Run the full script on a staging host before you point real traffic at it. At minimum, exercise three scenarios and confirm each behaves as expected:

  • Happy path. Run ./deploy/deploy.sh. Confirm that the live color flips, that no requests fail during the run, and that the previous container is removed after the drain window.
  • Health failure. Temporarily break a dependency the new image needs (for example, point the database URL at an unreachable host). Run the script. Confirm that the health probe times out, that the new container is removed, and that Nginx still routes to the old color.
  • Config validation failure. Introduce a typo into the server block. Run the script. Confirm that nginx -t fails, that upstream.conf is restored from its backup, and that the new container is removed.
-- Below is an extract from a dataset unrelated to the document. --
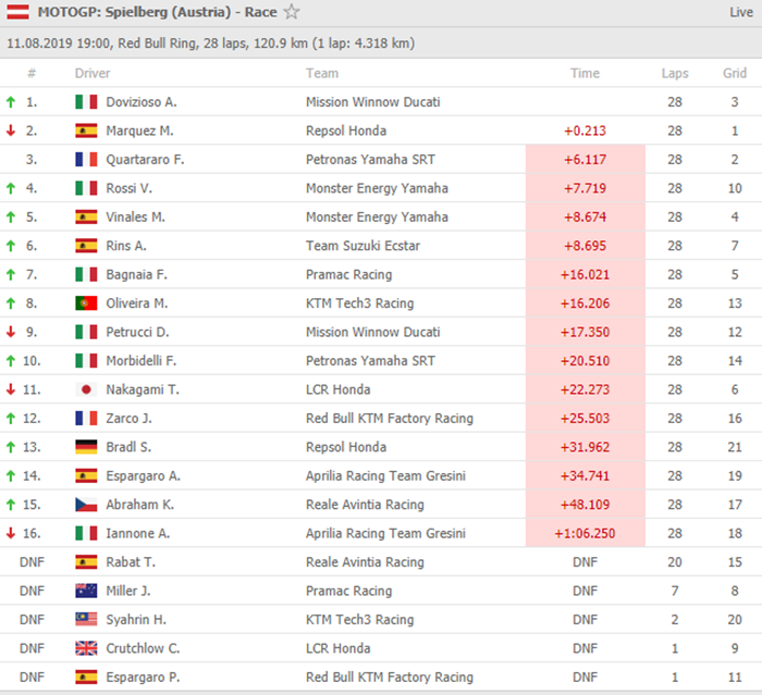 Simak hasil lengkap MotoGP Austria 2019 di bawah :

Once those three pass on staging, schedule the first production deploy for a low-traffic window and watch the logs without pressure. After that, return to your normal release schedule.

Common questions

Loading…

The Request Path, Before and After

Press play, or drag the cursor along the timeline. The single-container lane goes red the moment the build window ends; the blue-green lane stays green the whole way through.

Loading…

The difference is not that the deploy got a little faster. The difference is that the user never sees the handoff at all. Deploy and service stopped being the same event.


Rollback

Rollback is basically the same flip in reverse, only without the rebuild. Because the old container stays alive during the drain window, the fastest rollback is usually just pointing Nginx back at the previous color. That takes less than a second.
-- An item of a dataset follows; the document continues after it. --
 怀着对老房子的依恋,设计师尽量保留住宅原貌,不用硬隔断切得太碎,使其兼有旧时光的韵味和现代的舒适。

After the drain window, the old image is still tagged web:current. So if I need the previous version back later, it is still one docker run plus one nginx -s reload. No rebuild, no waiting for the cache, no hunting through old commits.

Result

After two months in production, there were no user-reported deploy outages. When rollback was needed, it usually took under 5 seconds. Same EC2 instance, same monthly bill.


What I Would Do Differently

  • Move the upstream switch off the file system. Rewriting upstream.conf with sed works, but it is the weakest part of the setup. A tiny key-value store would make the flip a single write instead of a file rewrite plus reload.
  • Add a real smoke test before the flip. Health checks tell me the container started. They do not tell me the homepage renders or the important routes still work. A few HTTP checks would catch more bad builds.
  • Build in CI instead of on the EC2 box. Right now the production host is also paying for the build. That is acceptable for a small app, but a prebuilt image would take pressure off the live machine.

I would keep the strategy itself. For a single-host Next.js app that needed zero downtime without moving platforms, blue-green behind Nginx was the smallest fix that actually solved the problem.